There’s a plan — but no map, no timetable and no draft law

July 1 came and went this week without a move by the Israeli government towards annexation

July 02, 2020 12:25

July 1 came and went this week without a move by the Israeli government towards annexing parts of the West Bank. Not even a word from prime minister Benjamin Netanyahu, beyond the laconic statement that “discussions are ongoing”.

Six months after US President Donald Trump unveiled his “deal of the century” peace plan, and two months after Mr Netanyahu insisted that the coalition agreement between Likud and Blue and White include July 1 as the date from which the government and Knesset could begin debating annexation, there is no map, no draft of a law, and no timetable for carrying it out.

Likud ministers insisted on Wednesday that this was just a temporary delay, and within “weeks to months,” as Energy Minister Yuval Steinitz said in a radio interview, Israel would apply its sovereignty to some of the West Bank settlements. But none of them could specify which settlements and when.

In a Knesset committee meeting on Wednesday, a senior official from the Justice Ministry said that his office had not yet been consulted on the legal ramifications of annexation while a representative of the National Security Council admitted that their report had yet to be brought to cabinet and would be presented in “the next few days.” Meanwhile, settlement Affairs Minister Tzipi Hotovely, who is expected to become Israel’s new ambassador to Britain in the coming months, said in an interview with Arutz Sheva, a settlers news organisation, that talks were ongoing with the Trump administration regarding the scale of annexation, with the aim of reaching “significant sovereignty of major parts of Judea and Samaria”.
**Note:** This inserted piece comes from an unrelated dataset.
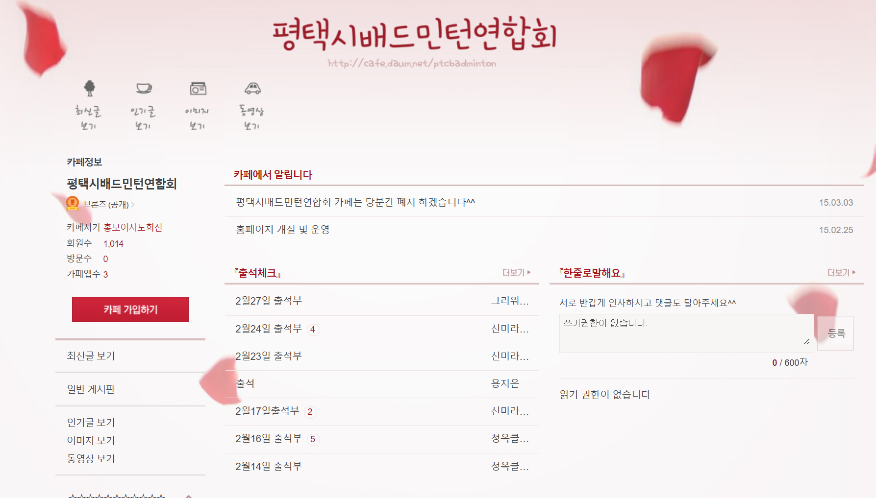 안녕하세요. 평택시 배드민턴 연합회 카페입니다. 좋은 사람들과 배드민턴에 관한 좋은 정보를 함께 공유하고 싶습니다. 여기 오시는 모든 분들 언제나 행복하시구요 ^^*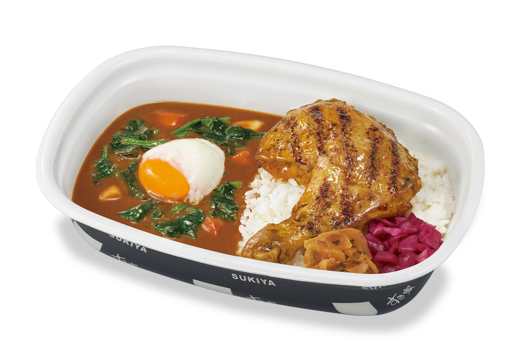 スプーンでほろっとほぐれるほど柔らかい、骨付きの大きな炭火焼きほろほろチキンを豪快にのせた「炭火焼きほろほろチキンカレー」に、彩り豊かなほうれん草とまろやかなおんたまをトッピングした商品です。

“The most important thing is that the government of Israel will never agree that as part of applying annexation, there will be an agreement for a Palestinian state of any kind,” she said. Ms Hotovely admitted that “right now there’s a gap between our concept to that of the Americans, who are on the eve of a difficult election.”

But not all Likudniks were so confident. “We don’t even know yet whether the prime minister is planning to extend sovereignty through a cabinet decision or a Knesset vote,” said one bemused Knesset member from the ruling party. “We will support it, but only if it’s clear that this doesn’t mean we’re agreeing to a Palestinian state.”

Mr Netanyahu has failed to reach consensus over the proposed move, even within his own party, as agreeing to the Trump Plan would in principle also mean accepting a future Palestinian state on 70 per cent of the West Bank and in the Gaza Strip.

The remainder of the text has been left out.